Edited June 1, 20251 yr by Morris0

Quote

June 2, 20251 yr

Community Expert

Enable the syslog server and post that after it happens again, together with fresh diagnostics.

Quote

June 2, 20251 yr

Author

Thank you Jorge,

I set up logging to disk yesterday and also found that the ZFS pool needed to be updated which I did. Neither of them should matter yet I had a full backup complete last night and I have another one running now. We will see what happens.

Morris

Quote

June 2, 20251 yr

Author

It happened again. By the way this is on V 1.1.1

You may notice a time discrepancy in the log. This is the result of the server sleeping, I use the Dynamix S3 Sleep plugin. I'm attaching a screenshot of the console and the log.syslog-NAS.log

Also interesting, I see 3 cores at 100% on the dashboard yet a top from the console shows no process reaching 2%

Thank you in advance for looking into this,

Morris

Edited June 2, 20251 yr by Morris0

Quote

June 2, 20251 yr

Community Expert

There's a zfs related crash, suggesting a problem with the pool, or a hardware issue making zfs crash, post the diags mostly to see the hardware used, in cases there are any known issues.

Quote

June 2, 20251 yr

Author

Thank you Jorge,

For my education, what told you it's ZFS? I'm attaching the diagsnas-diagnostics-20250602-1104.zip

Quote

June 2, 20251 yr

Author

Hi Jorge,

I have two pools, and the one I'm not writing the backup to has a corrupted file:

pool: ssdpool

state: ONLINE

status: One or more devices has experienced an error resulting in data

corruption. Applications may be affected.

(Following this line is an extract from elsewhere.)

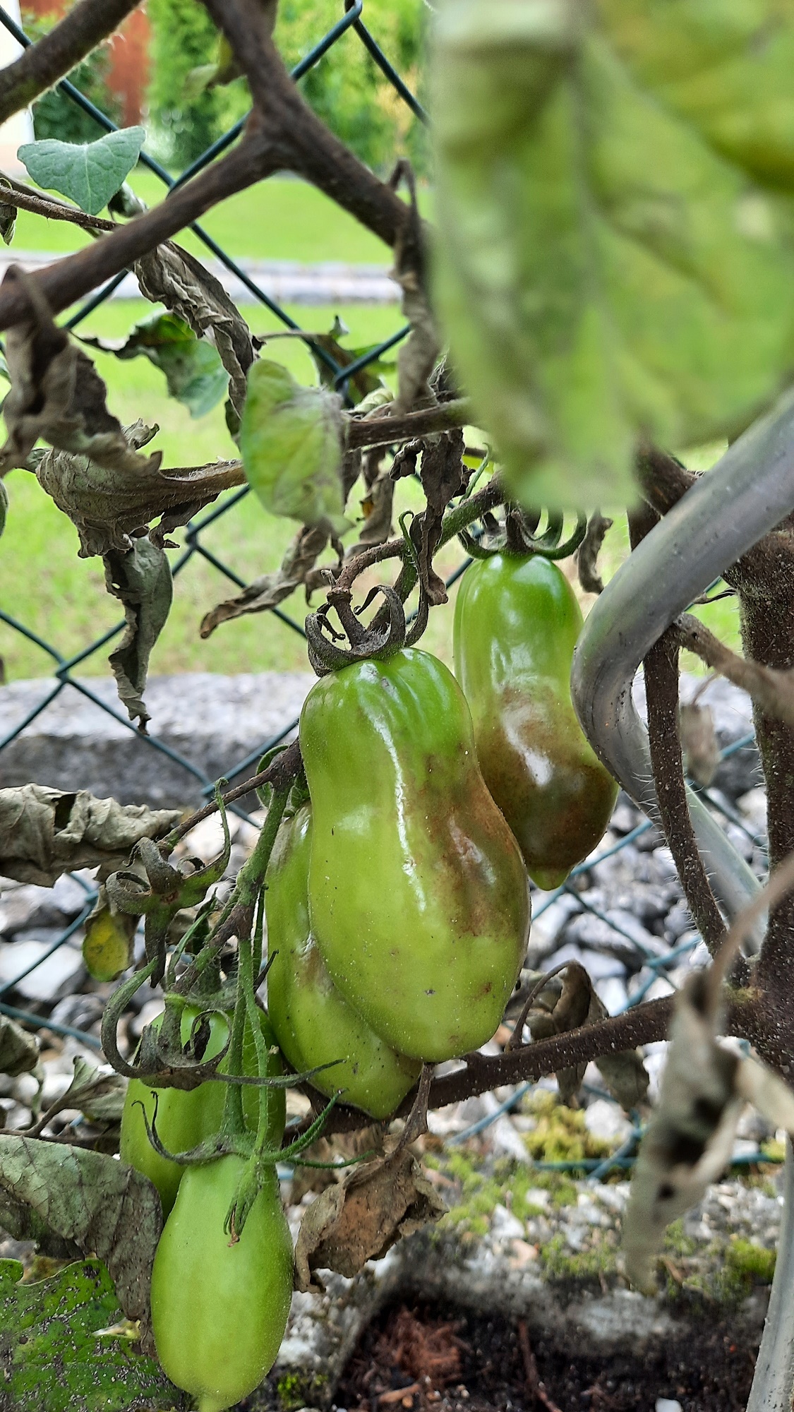 Leider gab es jetzt bei uns so viel Regen und es ist relativ frisch, sodass ich befürchte, dass sich meine lieben Tomaten langsam verabschieden... Sie stehen ohne Überdachung in Pflanzsteinen, was ihnen über die vielen Jahre sehr gut bekommen ist. Heuer aber - das Wetter ist sehr suboptimal :'( Wobei es sehr seltsam ist, dass bei den Nachbarn die Tomaten mit einem kleinen Dach drüber und sogar die im Gewächshaus eine ähnliche Krankheit haben. Jedenfalls befürchte ich das Schlimmste und der Regen ist wohl auch noch nicht vorbei in den nächsten Tagen :(

action: Restore the file in question if possible. Otherwise restore the

entire pool from backup.

see: https://openzfs.github.io/openzfs-docs/msg/ZFS-8000-8A

scan: scrub repaired 0B in 00:20:48 with 0 errors on Thu May 1 04:20:49 2025

config:

NAME STATE READ WRITE CKSUM

ssdpool ONLINE 0 0 0

mirror-0 ONLINE 0 0 0

sdb1 ONLINE 0 0 0

sdf1 ONLINE 0 0 0

errors: Permanent errors have been detected in the following files:

/mnt/ssdpool/system/docker/docker.img

Possibly this is the issue. I can delete /mnt/ssdpool/system/docker/docker.img

Is there a way for me to get a replacement?

Can you tell which pool is the cause of the hang?

Thank you,

Morris

Quote

June 2, 20251 yr

Community Expert

41 minutes ago, Morris0 said:
For my education, what told you it's ZFS?

The call trace mentions zfs:

Jun 2 08:12:41 NAS kernel: ddt_enter+0xe/0x20 [zfs]

Jun 2 08:12:41 NAS kernel: zio_ddt_write+0x62/0x420 [zfs]

Jun 2 08:12:41 NAS kernel: ? zio_push_transform+0x34/0x80 [zfs]

Jun 2 08:12:41 NAS kernel: zio_execute+0xba/0xf0 [zfs]

I missed that on the screenshot before, since it's less visible.

28 minutes ago, Morris0 said:
data
corruption

This typically indicates a hardware issue, mot often bad RAM, and it can be the cause of the other issue, start by running memtest.

Quote

June 2, 20251 yr

Author

Thank you Jorge,

I'm going to run the RAM test. That will take some time with 32-GB. When I started the shutdown, I observed that 3 of my HDD did not spin up while the other two did. Interesting that 3 CPU cores are pegged. I have two different SATA controllers in the system. One with 4 ports from the motherboard and the other is an M2 SATA adapter with 6 Ports. When I get the system up, I will look at the relationship of the disks that did not spin up and the controler they are on.

Morris

Quote

June 2, 20251 yr

Author
Solution

Hi Jorge,

I'm confirming it's a memory issue, easy enough to address.

What can I do to replace the damaged file in my system share?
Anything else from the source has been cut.